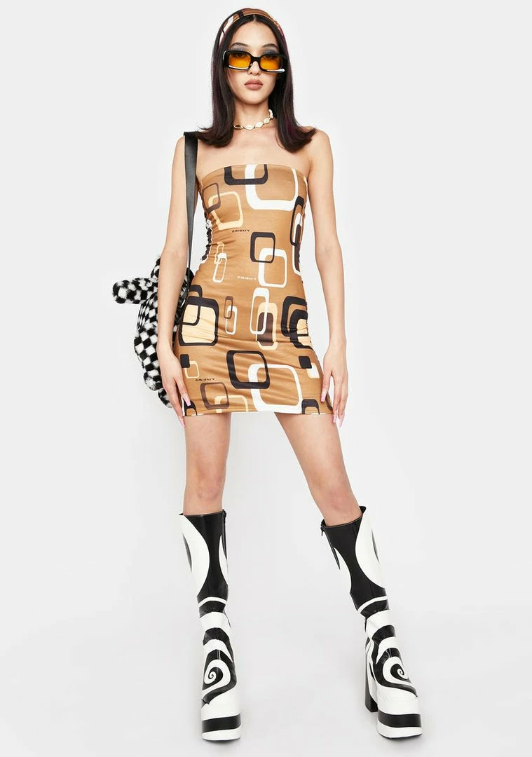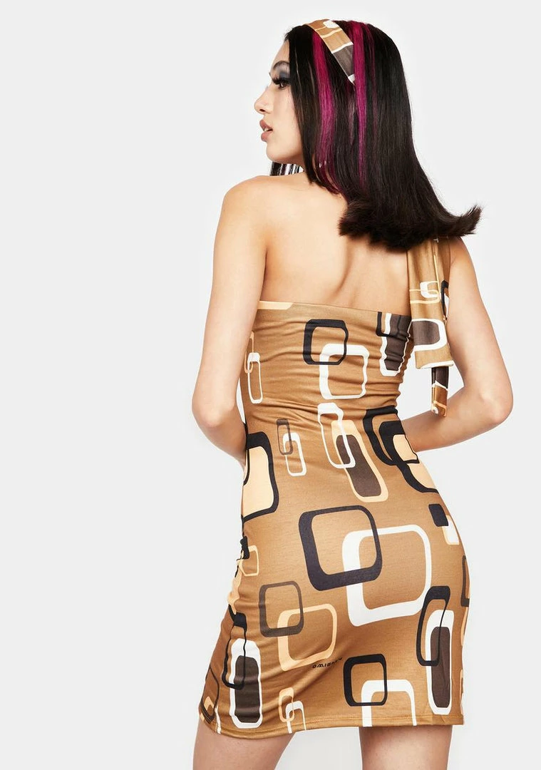 catch me on the big screen. This mini dress has a strapless neckline, a fully lined design, a geometric design all over, and comes with a matching scarf.
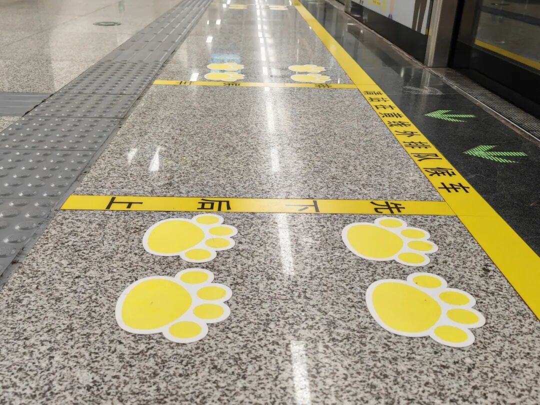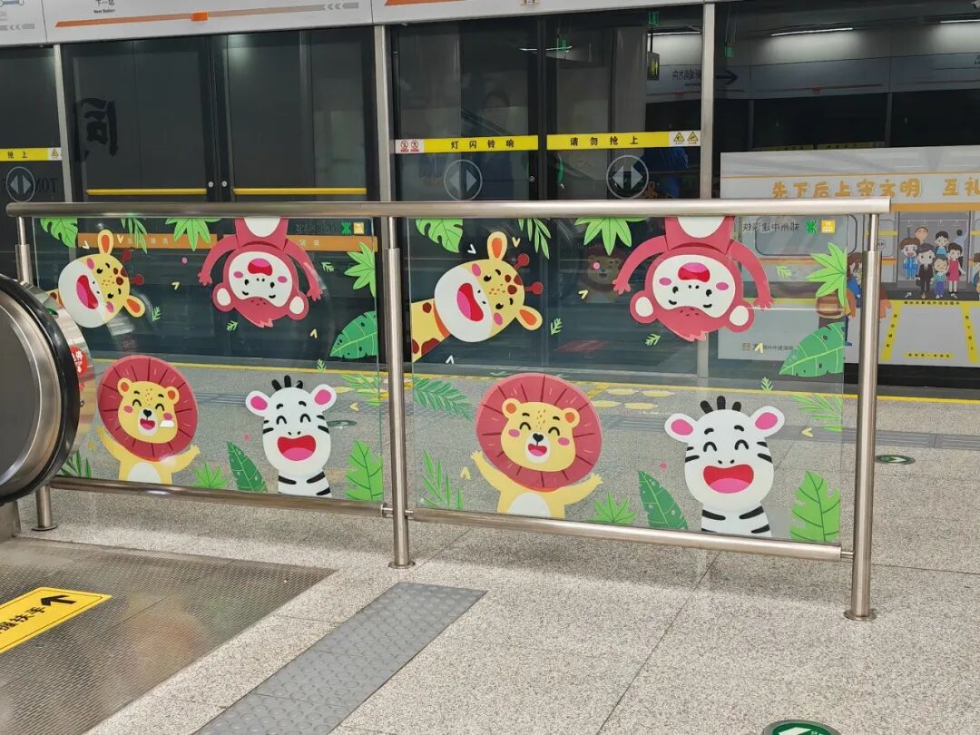 当您乘坐电扶梯到达站台后,扶梯尽头的栏杆玻璃上粘贴有长颈鹿、猴子、斑马、狮子等小动物,看他们在向您招手,仿佛在说“欢迎您乘坐郑州中建深铁3号线”,就连地上的卡通脚印也在招呼着您快来这里排队候车。
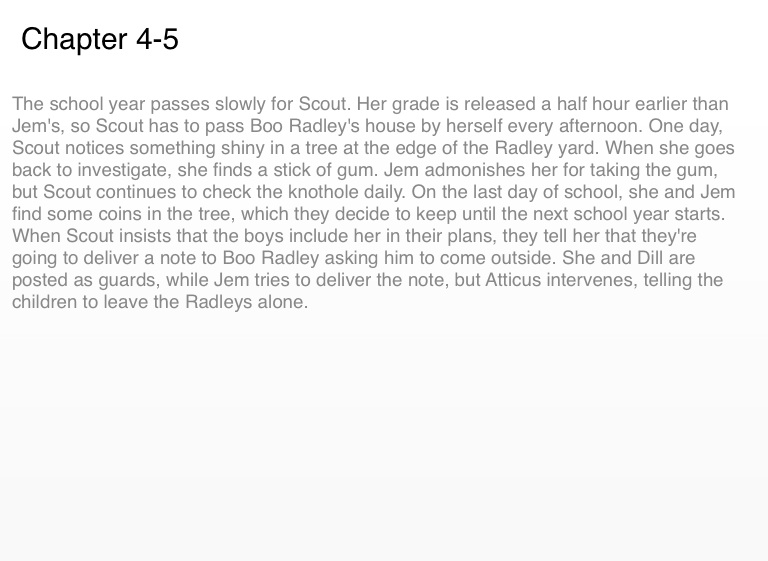 The school year passes slowly for Scout. Her grade is released a half hour earlier than Jem's, so Scout has to pass Boo Radley's house by herself every afternoon. One day, Scout notices something shiny in a tree at the edge of the Radley yard. When she goes back to investigate, she finds a stick of gum. Jem admonishes her for taking the gum, but Scout continues to check the knothole daily. On the last day of school, she and Jem find some coins in the tree, which they decide to keep until the next school year starts.
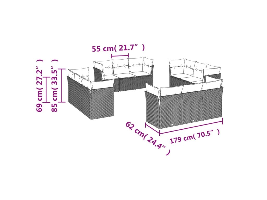 12dílná zahradní sedací souprava s poduškami béžová polyratan 3249167
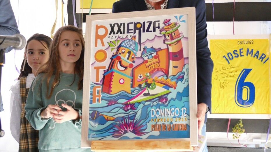 Su cartel es muy colorido, con un aire de animación infantil, donde no ha olvidado guiños a Rota con el faro, la Torre de la Merced, los imprescindibles erizos protagonistas de la Erizá que anuncia, la bandera del Cádiz, el camaleón y un detalle que a partir de ahora, como ha indicado la peña, se incluirá en todos los carteles de este acto: un micrófono con los colores del Cádiz (amarillo y azul) con la iniciales B.C. como recuerdo a Bernardo Cala, fallecido el pasado verano que fue durante 20 ediciones presentador de la Erizá Popular, fiel colaborador de la peña y querido por todos los socios por su labor siempre altruista. Será el eterno homenaje a este gran carnavalero.
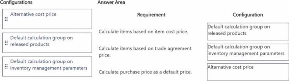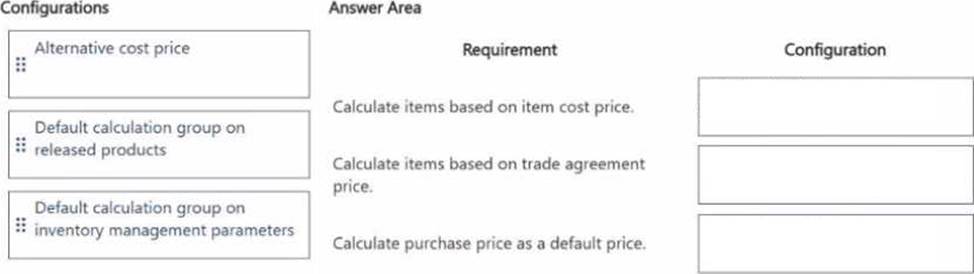 Which configurations should you use? To answer, drag the appropriate configurations to the correct requirements. Each configuration may be used once, more than once, or not at all. You may need to drag the split bar between panes or scroll to view content. NOTE: Each correct selection is worth one point.
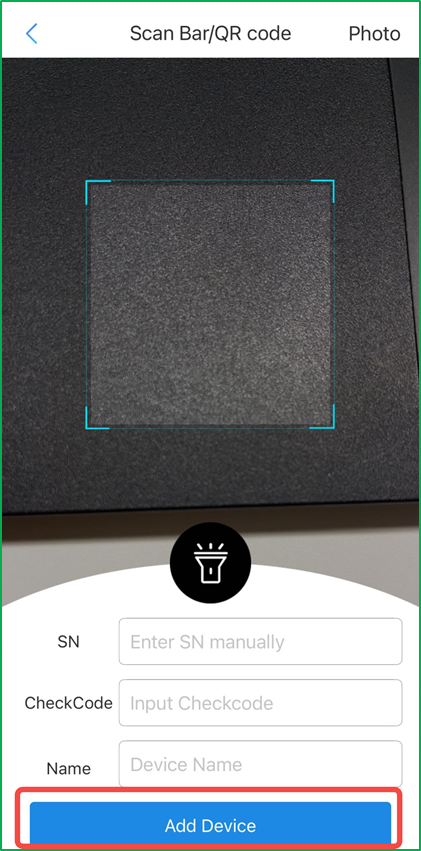 Step 3: Use phone scan Bar/QR code, and then click “Add Device”.
+--
— BRIEF —
Output every record above verbatim, excluding images.

— WORKED SOLUTION —
 catch me on the big screen. This mini dress has a strapless neckline, a fully lined design, a geometric design all over, and comes with a matching scarf.
 当您乘坐电扶梯到达站台后,扶梯尽头的栏杆玻璃上粘贴有长颈鹿、猴子、斑马、狮子等小动物,看他们在向您招手,仿佛在说“欢迎您乘坐郑州中建深铁3号线”,就连地上的卡通脚印也在招呼着您快来这里排队候车。
 The school year passes slowly for Scout. Her grade is released a half hour earlier than Jem's, so Scout has to pass Boo Radley's house by herself every afternoon. One day, Scout notices something shiny in a tree at the edge of the Radley yard. When she goes back to investigate, she finds a stick of gum. Jem admonishes her for taking the gum, but Scout continues to check the knothole daily. On the last day of school, she and Jem find some coins in the tree, which they decide to keep until the next school year starts.
 12dílná zahradní sedací souprava s poduškami béžová polyratan 3249167
 Su cartel es muy colorido, con un aire de animación infantil, donde no ha olvidado guiños a Rota con el faro, la Torre de la Merced, los imprescindibles erizos protagonistas de la Erizá que anuncia, la bandera del Cádiz, el camaleón y un detalle que a partir de ahora, como ha indicado la peña, se incluirá en todos los carteles de este acto: un micrófono con los colores del Cádiz (amarillo y azul) con la iniciales B.C. como recuerdo a Bernardo Cala, fallecido el pasado verano que fue durante 20 ediciones presentador de la Erizá Popular, fiel colaborador de la peña y querido por todos los socios por su labor siempre altruista. Será el eterno homenaje a este gran carnavalero.
 Which configurations should you use? To answer, drag the appropriate configurations to the correct requirements. Each configuration may be used once, more than once, or not at all. You may need to drag the split bar between panes or scroll to view content. NOTE: Each correct selection is worth one point.
 Step 3: Use phone scan Bar/QR code, and then click “Add Device”.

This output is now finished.